The next point urged by the appellants is the refusal of the trial court to admit testimony from a highway patrolman investigating the collision. The testimony concerned statements made by Langford, driver of the automobile, admitting that he entered the highway from a side road. The statements were made during an interview with Langford at the Tampa Municipal Hospital late in the morning after the collision.

The defendants claim that when the plaintiff Langford on cross-examination denied that he had stated to the highway patrolman that he entered the highway from Riverside Drive, that defendants should have been permitted to read an alleged admission from the deposition of the patrolman to impeach the statements of Langford.

There is little basis to the contention of defendants that the statements made by Langford to the patrolman were not made in connection with the patrolman's official duties and were not the basis for his report.
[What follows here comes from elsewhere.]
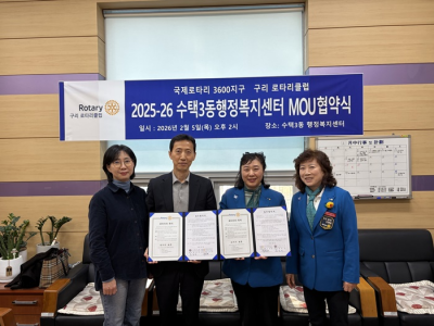 [DBSº¸µµ±¹]=±¸¸®½Ã ¼öÅÃ3µ¿ ÇàÁ¤º¹Áö¼¾ÅÍ(µ¿Àå È«Á¾¹Î)´Â Áö³ 5ÀÏ, ±¸¸®·ÎŸ¸®Å¬·´(ȸÀå °¹Ì¾Ö)°ú Áö¿ª»çȸ Ãë¾à°èÃþÀÇ º¹Áö ÁõÁø°ú ³ª´® ¹®È È®»êÀ» À§ÇÑ ¾÷¹« Çù¾àÀ» ü°áÇß´Ù°í ¹àÇû´Ù.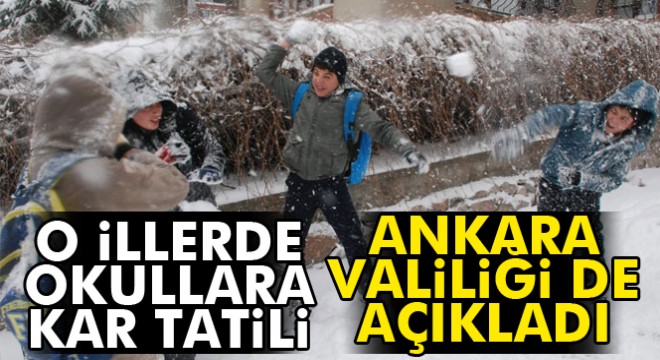 Son dakika! Ankara'da okullar tatil edildi. Milyonlarca öğrencinin beklediği kar tatili haberini valilik az önce açıkladı. Ankara'da yarın okullar tatil edildi. Ankara'da okullar tatil edildi.

Obviously the patrolman had no business to interrogate the driver except in connection with official duties.

The testimony proffered from the patrolman's deposition appears to be within the privilege of F.S.A. § 317.17. This privilege was interpreted fully in Stevens v. Duke, Fla. 1949, 42 So. 2d 361. The rule should be applied where the statements made to the police officer are offered for impeachment, as well as where offered as evidence in the case in chief. No logical reason exists to distinguish the situation.

Moreover, the privilege was not waived, since plaintiff's counsel made timely objection to the testimony concerning Langford's conversation with the patrolman. See also Herbert v. Garner, Fla. 1955, 78 So. 2d 727.

Likewise, the trial court was correct in refusing an offer of opinion evidence from a highway patrolman as to whether or not the plaintiff's car had been on the wrong side of the road prior to the impact.

The final point urged by appellants is the refusal of the trial court to admit blood alcohol tests, taken in the hospital, of Vickers directly after the accident.

We fail to find error in this refusal. The evidence fails to show that the defendants established a proper predicate to permit admission of such testimony. Furthermore, if such testimony had been properly offered, its materiality is seriously questioned.

Vickers, the party from whom the test was allegedly made, failed to recover from his injuries. Langford, not Vickers, was the driver of the automobile. Certainly any degree of sobriety or lack of sobriety on the part of Vickers cannot be attributed to Langford. Also, Vickers' condition could not absolve defendants from any negligence attributable to them.

The verdicts and judgments of the trial court should be and the same are hereby

Affirmed.

DREW, C.J., and THOMAS and THORNAL, JJ., concur.